Si se conduce un vehículo a una velocidad que pudiera considerarse como alta y se trata de realizar un viraje, lo más lógico sería reducir aquella para evitar perder el control y poder continuar viajando con destino a la meta más próxima que se haya establecido; pero si se desea rectificar la ruta por la cual se transita y se hace necesario el regreso para tomar el camino estimado como correcto, en la mayoría de los casos habrá que detener completamente el vehículo –y hasta “apagarlo”, si se requiere– para estudiar con detenimiento el rumbo. Una vez definido el objetivo, encendido el vehículo y colocado en la dirección que se estima correcta, se acelera gradualmente hasta alcanzar la velocidad considerada como adecuada para alcanzar el fin deseado.

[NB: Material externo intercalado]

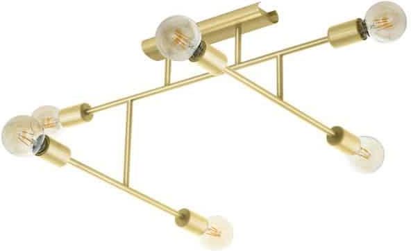 Lampa sufitowa serii BELSIANA 1. Metalowa rama ze szczotkowanego mosiądzu połączona jest z sześcioma widocznymi oprawami oświetleniowymi E27. Dzięki dwóm dolnym, regulowanym ramionom można indywidualnie wpływać na optykę lampy, a tym samym optymalnie oświetlić przestrzeń mieszkalną. Plafon Belsiana …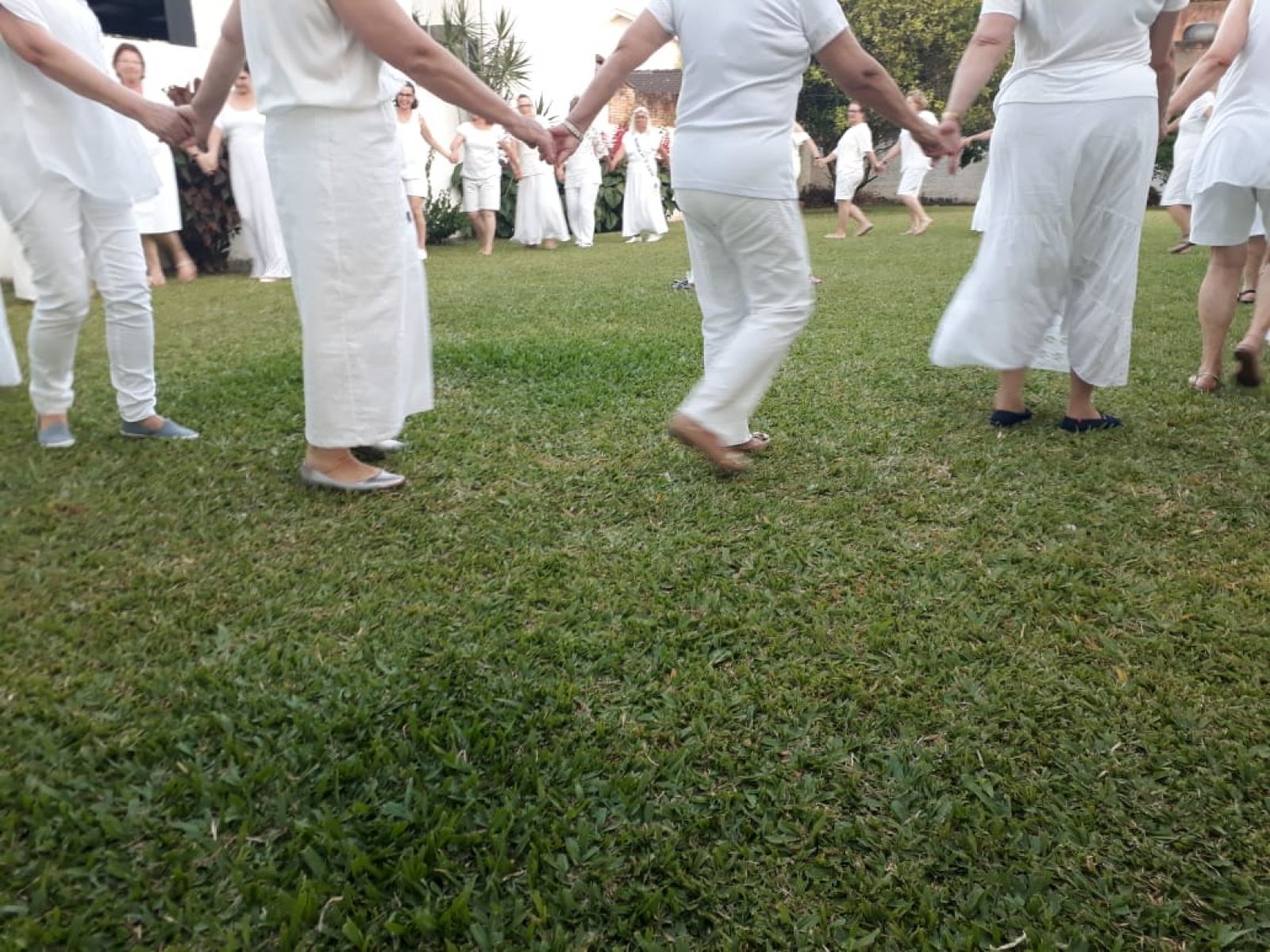 E este ano não foi diferente todos se reuniram na casa de Adair de Almeida, integrante de um dos grupos, no dia 10 de dezembro, onde celebraram com muita alegria, emoção e gratidão com os integrantes dos grupos e convidados em uma Roda Aberta. O encontro com a recepção calorosa entre as pessoas, iniciou com uma dança de saudação e logo após a dança do Beija Flor para saudar a natureza, com as músicas dos Florais de Bach (Beech e Holly). Depois foi a vez das músicas natalinas, coreografadas por Cristiana Meneses, da música Canção da América para celebrar a amizade e para finalizar a música Jesu, Joy of Man’s Desiring (dança com o uso da vela), para celebrar a vida. Magali Bianchi Bacha integrante de um dos grupos declamou lindamente uma poesia agradecendo a vida.

¿Y…? Podrían preguntarse algunos ante lo que pareciera una perogrullada; otros resaltarían que obviamente se debería proceder de esta manera debido a la inercia del vehículo (“Inercia, propiedad de la materia que hace que ésta se resista a cualquier cambio en su movimiento, ya sea de dirección o de velocidad”.); pero la inercia no es sólo material, porque también existe la “inercia mental” que podría definirse como “la propiedad de la mente de resistirse a cualquier cambio en su lógica y esquemas de razonamiento”, lo cual se traduce en la dificultad personal de reconocer, abandonar, sustituir o adquirir hábitos. Es esta “inercia mental” el mayor obstáculo que enfrenta cualquier intento de cambio profundo en las estructuras de una sociedad; más aún cuando esta transformación se pretende a través de un proceso de autoconvencimiento de los miembros que la integran.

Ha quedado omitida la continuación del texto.